Exhibit 99.1
NEWS RELEASE | ||||
Investor Contacts C&J Energy Services, Inc. investors@cjenergy.com (713) 260-9986 | ||||
C&J Energy Services Reports Nabors Red Lion Limited Files Registration Statement on Form S-4 in
Connection with Proposed Combination with Nabors’ Completion and Production Services Business
HOUSTON, TEXAS, September 30, 2014 – C&J Energy Services, Inc. (NYSE: CJES) (“C&J”) today announced that, in connection with the proposed combination with Nabors’ completion and production services business in the United States and Canada, Nabors Red Lion Limited (“Red Lion”), a subsidiary of Nabors Industries Ltd. (“Nabors”), has filed with the U.S. Securities and Exchange Commission (the “SEC”) a registration statement on Form S-4 (“S-4”), which includes a preliminary prospectus of Red Lion and a preliminary proxy statement of C&J. The information contained in the S-4 is subject, in its entirety, to completion or amendment as described within the document.
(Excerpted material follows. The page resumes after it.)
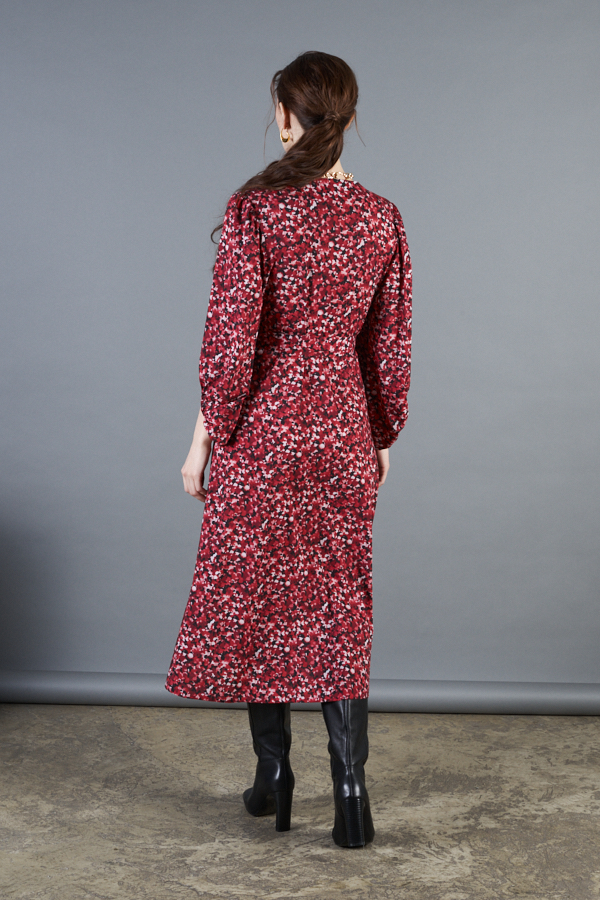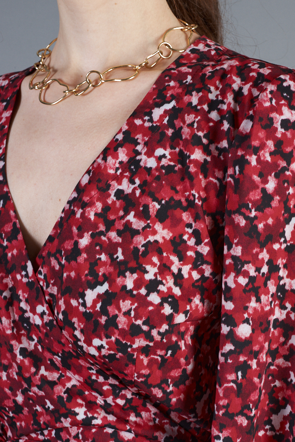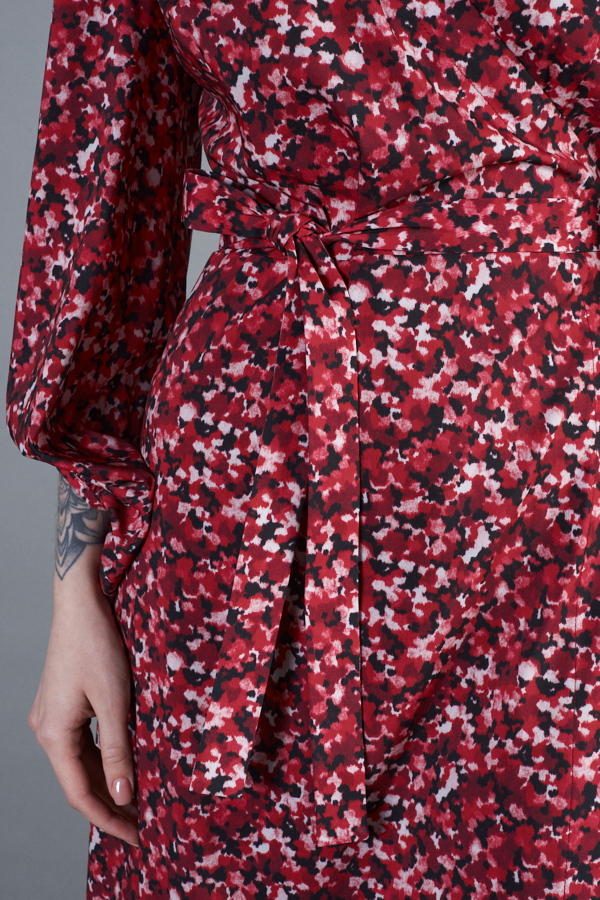 Платье с запахом фиксирующимся притачным поясом выполнено из плательной ткани. Отрезное в области талии. Лиф прилегающий. Юбка летящего силуэта. Фантазийные рукава с асимметричным низом, окантованным бейкой, и сборкой по окату и низу рукава.

Founder, Chairman and Chief Executive Officer Josh Comstock commented, “We are pleased to be progressing towards the closing of this transformative transaction, and excited about what it means for the future of our combined company. Demand for our services has continued to increase over the course of the year, particularly in our hydraulic fracturing business, which further strengthens our confidence in the merits of this transaction. We are eager to integrate the complementary services and experienced employee base from Nabors’ completion and production services business into our operations, and we are ready to leverage the greater size, capability and resources of our combined company to take advantage of the current market improvement and maximize projected synergies as soon as possible.”
As previously announced on June 25, 2014, C&J, Red Lion and Nabors entered into a merger agreement pursuant to which C&J will combine with Nabors’ completion and production services business in the United States and Canada in a transaction valued at approximately $2.86 billion at the time of signing the merger agreement. The transaction is subject to C&J stockholder approval and customary closing conditions. C&J currently expects to complete the transaction before the end of 2014. For additional information about the transaction, please see the S-4.
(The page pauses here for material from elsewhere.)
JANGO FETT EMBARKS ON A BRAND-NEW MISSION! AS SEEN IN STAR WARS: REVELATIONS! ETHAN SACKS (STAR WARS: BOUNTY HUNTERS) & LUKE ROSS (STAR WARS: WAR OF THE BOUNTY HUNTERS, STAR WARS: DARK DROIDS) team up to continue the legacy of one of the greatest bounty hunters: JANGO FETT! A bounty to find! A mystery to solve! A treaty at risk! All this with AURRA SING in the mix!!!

The S-4 is available through the SEC’s EDGAR system, and may be accessed at:http://www.sec.gov/Archives/edgar/data/1615817/000104746914007940/0001047469-14-007940-index.htm
The S-4 is also available on C&J’s website and may be accessedat http://www.cjenergy.com/news-events/about-the-cj-nabors-transaction. Information contained on or available through C&J’s website is not incorporated by reference into the S-4 or any future documents that may be filed with the SEC and should not be considered part of the S-4.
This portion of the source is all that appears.